Researchers from the School of Biomedical Engineering & Imaging Sciences at King’s College London (KCL) have been working jointly with the women’s health department at the city’s St Thomas’ Hospital on the study, which may also be able to highlight other conditions associated with pregnancy.
From routine MRI scans, a machine learning algorithm models the normal distribution of placental tissue properties which can be used to screen for deviations from normal placental ageing and signs of pregnancy complications. Patients are scanned with a T2* sequence MRI with the imaging data fed into the neural network pipeline which rapidly performs automatic segmentation before a regression model delivers a placental health score. The scan, combined with the automatic pipeline, can be included as part of any fetal MRI examination but has the benefit of acquiring additional information not available under routine obstetric screening using ultrasound.
Lead researcher Dr Maximilian Pietsch said the method is most sensitive early in the second half of pregnancy which is also the typical time of onset of pre-eclampsia, allowing early detection and monitoring of this complication. The method develops a clinical marker and automates its extraction which would otherwise be prohibitively time-consuming in clinical practice.
Research Fellow Dr Jana Hutter said the approach has the potential to provide additional information to ultrasound, which cannot acquire information from inside the placenta. “We use MRI as it has no ionizing radiation, so is completely safe to use in pregnancy, and the T2* imaging technique allows us to look at oxygenation in the placenta,” she added.
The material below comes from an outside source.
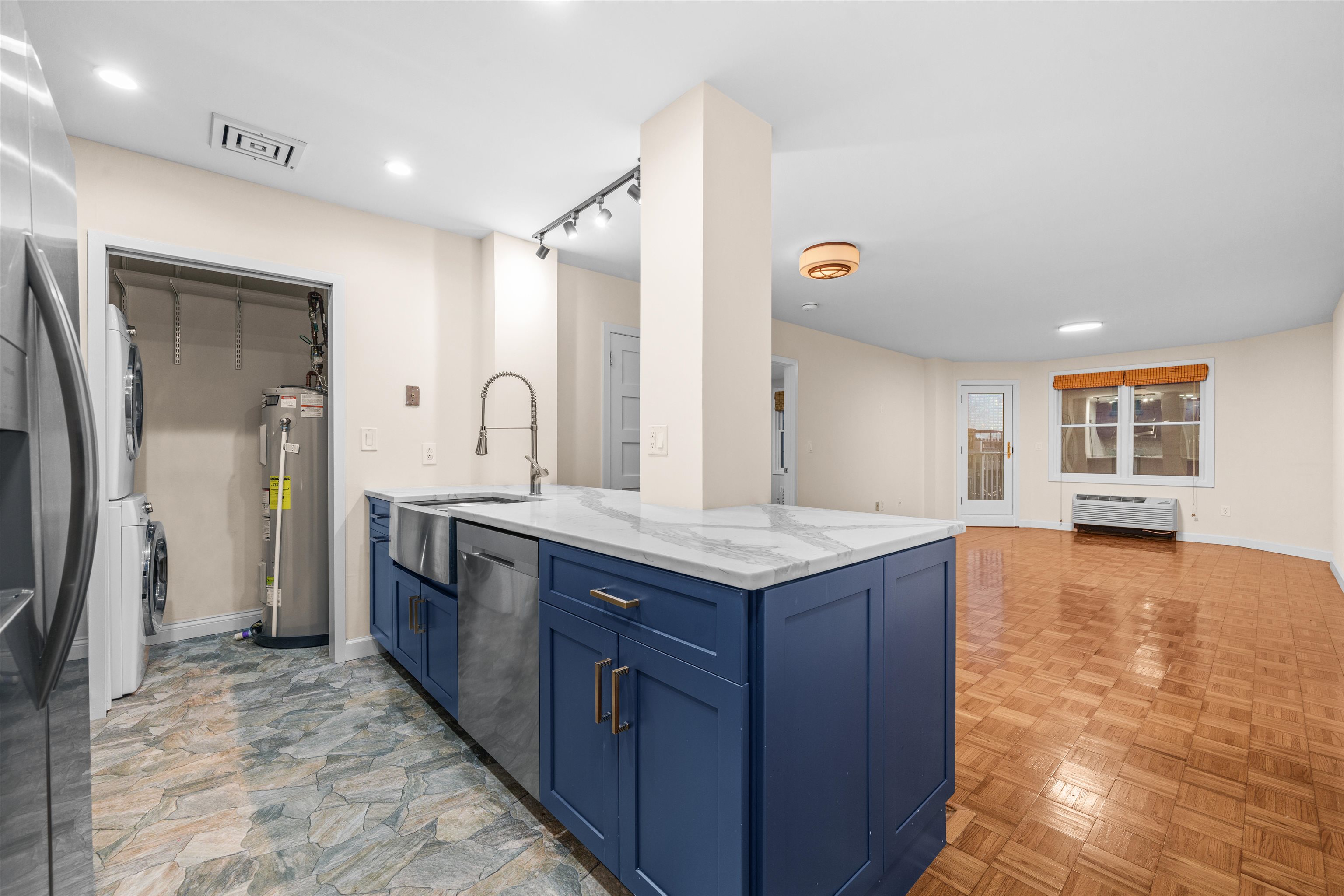 Welcome home to this beautifully renovated one-bedroom, one-and-a-half-bath residence set on a charming, tree-lined block in the heart of Van Vorst Park. Thoughtfully designed with both style and functionality in mind, this home offers a rare combination of modern finishes and classic neighborhood charm. The open eat-in kitchen is outfitted with a full suite of stainless steel appliances, sleek cabinetry, and ample space for dining or entertaining. Hardwood floors run throughout, complemented by in-unit washer and dryer for everyday convenience. The spacious bedroom features a custom-designed closet that leads seamlessly into the ensuite bath, creating a private and well-appointed retreat. A separate half bath adds flexibility for guests—an uncommon and highly desirable touch in a one-bedroom home. Step out onto your private balcony and enjoy eastern-facing views over Downtown Jersey City, perfect for morning light and city skyline ambiance. Located moments from neighborhood cafés, restaurants, and bars, this home offers the perfect blend of tranquility and access—providing an easy commute to NYC while enjoying one of Jersey City’s most desirable residential neighborhoods.

With chronic hypertension in pregnancy becoming increasingly common, there is a raised chance of women developing pre-eclampsia. “This technique allows us to look for this before any clinical symptoms start in this high-risk population,” said Dr Hutter. “This gives obstetricians additional valuable information to closely monitor the mother and baby to optimize the time point of the birth - late enough for the baby but early enough to avoid any effects to the mother.”
The technique has the potential to assess the health of the unborn child and mother introduce interventions to prevent possible complications from getting more serious. Other applications could be to look for evidence of fetal birth restriction, where the baby does not grow as big as it could; late stillbirth; and other complications like gestational diabetes.
Dr Pietsch said the technique was devised via a multi-disciplinary approach in a hospital setting, working in close collaboration with obstetricians, physicists, radiologists, midwives, engineers and pathologists.
A next step is to recruit targeted groups to test the machine learning algorithm for other conditions and add technical improvements. But he emphasised: “This solves a clinical need in a way that is feasible to achieve in standard clinical care. Time requirement is drastically reduced to obtain the information, which before would have to be manually segmented and extract this information. “This is a measure that seems to be very useful in determining the health of the placenta. The data flow is quite simple and the results are immediately intuitively interpretable.” He said that whereas a lot of medical machine learning research is somewhat detached from clinical needs, this has a strong immediate application in a hospital setting.
Dr Maximilian Pietsch is a Research Associate in KCL’s Institute of Psychiatry, Psychology, and Neuroscience (IoPPN) and conducts research in a clinical setting at St Thomas’s Hospital. His research interests involve using machine learning in combination with advanced diffusion MRI data to study the developing brain.
Dr Jana Hutter is a Senior Research Fellow at KCL and UKRI Future Leaders Fellow based at St Thomas’s Hospital. After finishing her PhD in Erlangen, Germany, she moved to KCL where she now leads her own research focusing on the topic of functional fetal and neonatal MR.